■ DESCRIPTION OF THE TASK:
Look below for the line with "Outer Space Planets". Extract that line and each one after it through the last, word for word.
☆ ☆ ☆ ☆ ☆ ☆ ☆
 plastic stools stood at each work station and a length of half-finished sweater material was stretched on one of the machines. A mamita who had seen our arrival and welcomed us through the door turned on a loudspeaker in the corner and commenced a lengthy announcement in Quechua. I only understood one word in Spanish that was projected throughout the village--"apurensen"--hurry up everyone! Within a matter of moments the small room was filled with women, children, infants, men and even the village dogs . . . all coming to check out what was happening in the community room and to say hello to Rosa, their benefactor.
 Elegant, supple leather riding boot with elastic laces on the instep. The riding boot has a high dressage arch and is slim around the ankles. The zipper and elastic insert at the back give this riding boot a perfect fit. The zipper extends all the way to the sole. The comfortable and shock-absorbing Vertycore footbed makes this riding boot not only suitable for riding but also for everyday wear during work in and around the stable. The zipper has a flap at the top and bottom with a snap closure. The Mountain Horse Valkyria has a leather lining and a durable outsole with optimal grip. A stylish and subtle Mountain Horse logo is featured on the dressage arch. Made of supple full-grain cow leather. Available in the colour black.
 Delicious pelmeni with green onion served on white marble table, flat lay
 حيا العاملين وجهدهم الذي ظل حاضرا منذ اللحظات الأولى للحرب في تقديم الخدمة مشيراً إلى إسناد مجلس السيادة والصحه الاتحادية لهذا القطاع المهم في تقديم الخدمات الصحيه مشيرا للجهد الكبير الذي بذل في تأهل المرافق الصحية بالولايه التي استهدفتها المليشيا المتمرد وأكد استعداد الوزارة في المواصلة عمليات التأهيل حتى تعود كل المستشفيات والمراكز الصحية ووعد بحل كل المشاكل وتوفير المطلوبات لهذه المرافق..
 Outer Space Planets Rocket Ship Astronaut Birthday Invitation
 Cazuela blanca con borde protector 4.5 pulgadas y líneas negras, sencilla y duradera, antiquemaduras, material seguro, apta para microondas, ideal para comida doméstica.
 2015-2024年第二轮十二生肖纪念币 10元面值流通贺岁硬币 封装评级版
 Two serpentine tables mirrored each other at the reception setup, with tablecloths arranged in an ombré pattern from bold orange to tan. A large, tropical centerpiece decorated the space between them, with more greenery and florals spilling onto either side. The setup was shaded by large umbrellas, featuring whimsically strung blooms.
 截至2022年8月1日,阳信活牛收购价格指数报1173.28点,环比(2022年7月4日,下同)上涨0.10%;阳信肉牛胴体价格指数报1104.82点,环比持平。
☆ ☆ ☆ ☆ ☆ ☆ ☆
■ OUTPUT FOR THIS TASK:
 Outer Space Planets Rocket Ship Astronaut Birthday Invitation
 Cazuela blanca con borde protector 4.5 pulgadas y líneas negras, sencilla y duradera, antiquemaduras, material seguro, apta para microondas, ideal para comida doméstica.
 2015-2024年第二轮十二生肖纪念币 10元面值流通贺岁硬币 封装评级版
 Two serpentine tables mirrored each other at the reception setup, with tablecloths arranged in an ombré pattern from bold orange to tan. A large, tropical centerpiece decorated the space between them, with more greenery and florals spilling onto either side. The setup was shaded by large umbrellas, featuring whimsically strung blooms.
 截至2022年8月1日,阳信活牛收购价格指数报1173.28点,环比(2022年7月4日,下同)上涨0.10%;阳信肉牛胴体价格指数报1104.82点,环比持平。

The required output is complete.